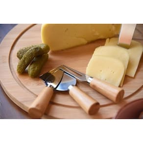 Tábua com talheres para queijo. Sensacional e lindo conjunto. Feita em bambu prensado. Ecologicamente correto. Muito mais leve que outros tipos de madeira. É antibacteriana. Contem 1 tábua e 4 talheres. Medida de 30x30x1,5cm. Os talheres medem 12cm. Você causará inveja nos seus amigos/familiares ao utilizar este conjunto tomando seu vinho. Você não pode ficar sem essa peça.
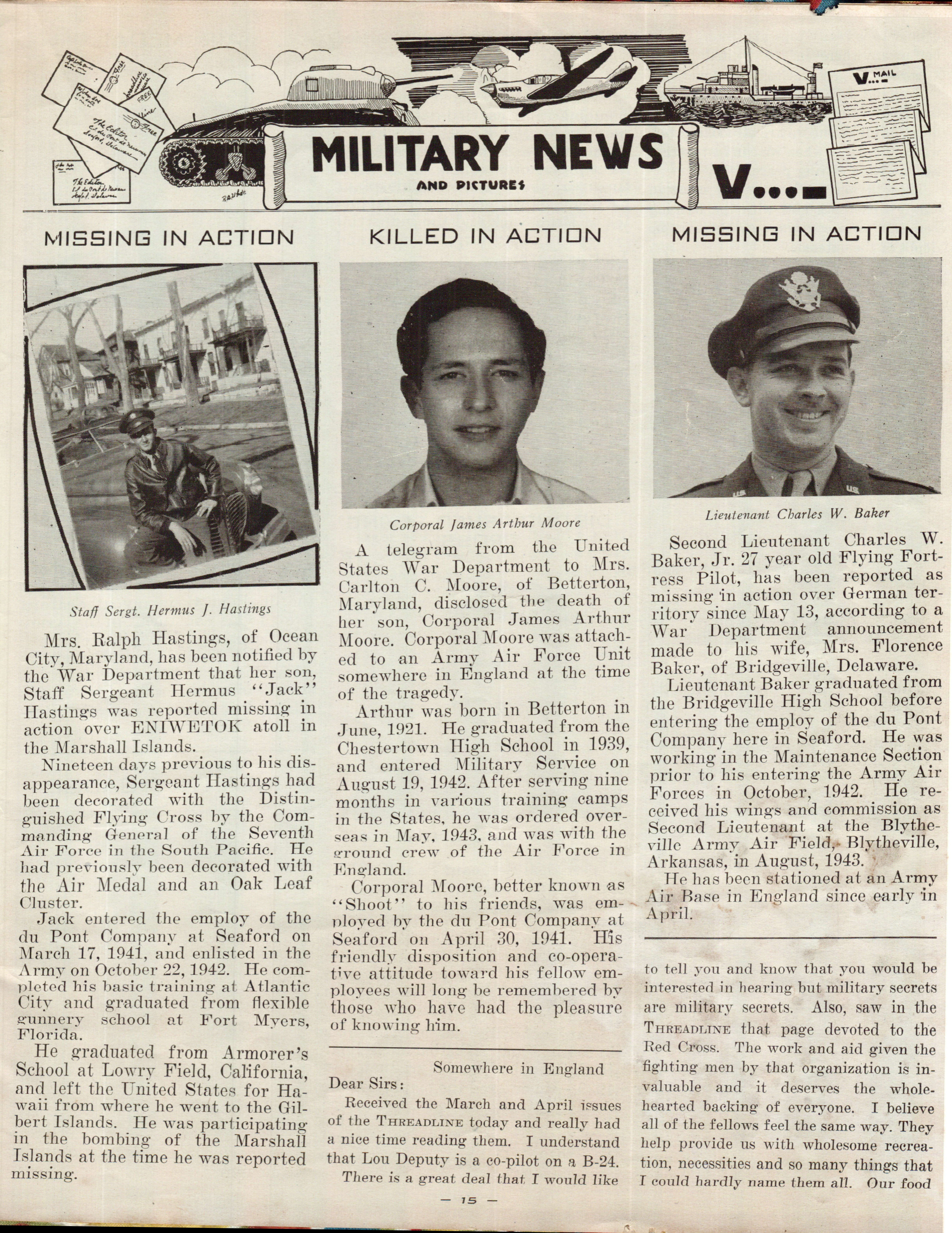 Cpl. James Arthur Moore, newspaper article announcing his death. Image Jim Bowden, courtesy of www.384thbombgroup.com
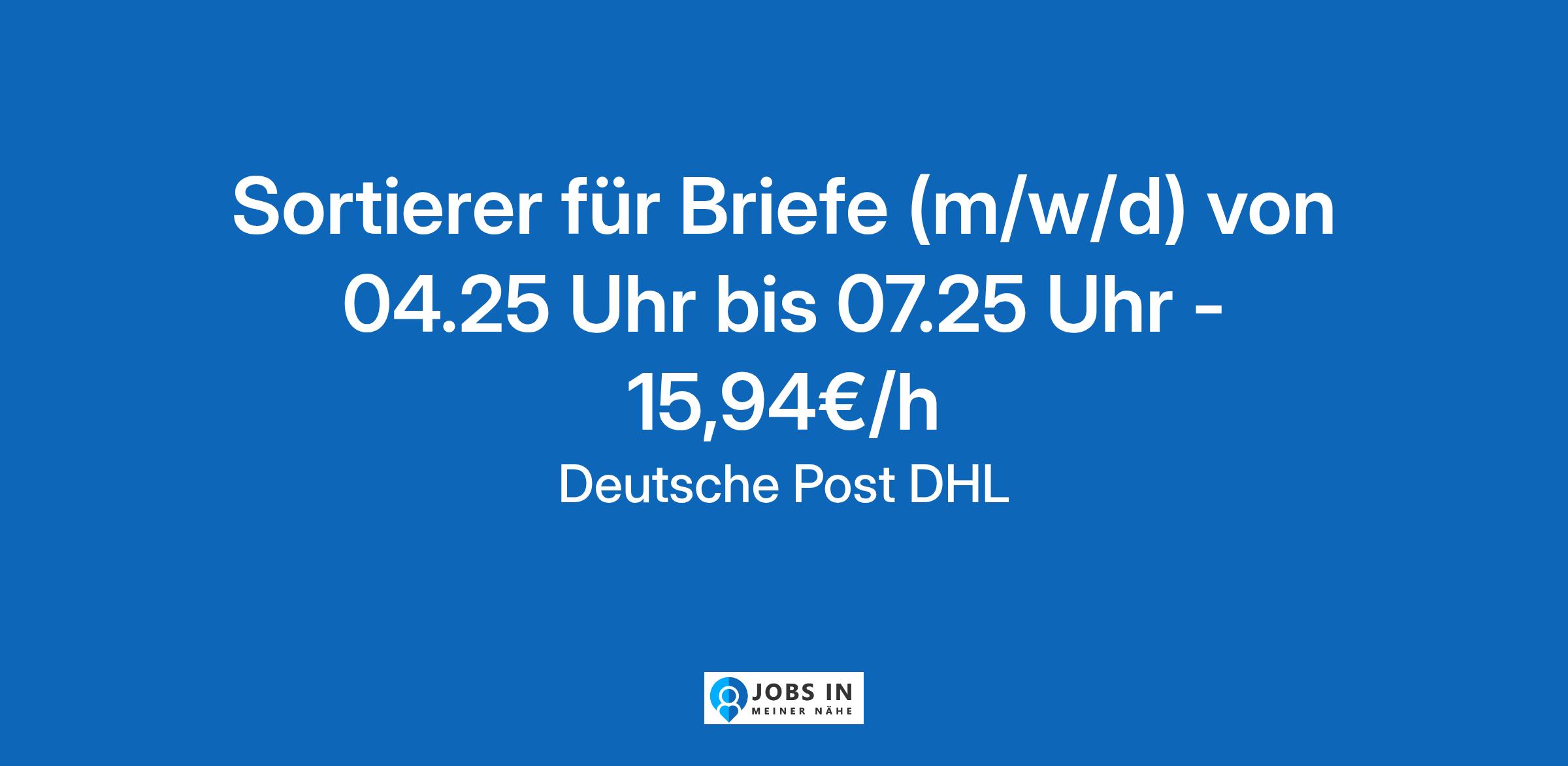 Als Briefsortierer im Unternehmensbereich Post & Paket Deutschland von Deutsche Post DHL sorgst du dafür, dass unsere Briefe pünktlich ankommen. Bei uns sind auch Quereinsteiger oder Studenten herzlich willkommen, denn du zählst, wie du bist!

^^^^

| Your objective |
The finished copy should match the data above word for word and contain no pictures.

| Task result |
 Tábua com talheres para queijo. Sensacional e lindo conjunto. Feita em bambu prensado. Ecologicamente correto. Muito mais leve que outros tipos de madeira. É antibacteriana. Contem 1 tábua e 4 talheres. Medida de 30x30x1,5cm. Os talheres medem 12cm. Você causará inveja nos seus amigos/familiares ao utilizar este conjunto tomando seu vinho. Você não pode ficar sem essa peça.
 Cpl. James Arthur Moore, newspaper article announcing his death. Image Jim Bowden, courtesy of www.384thbombgroup.com
 Als Briefsortierer im Unternehmensbereich Post & Paket Deutschland von Deutsche Post DHL sorgst du dafür, dass unsere Briefe pünktlich ankommen. Bei uns sind auch Quereinsteiger oder Studenten herzlich willkommen, denn du zählst, wie du bist!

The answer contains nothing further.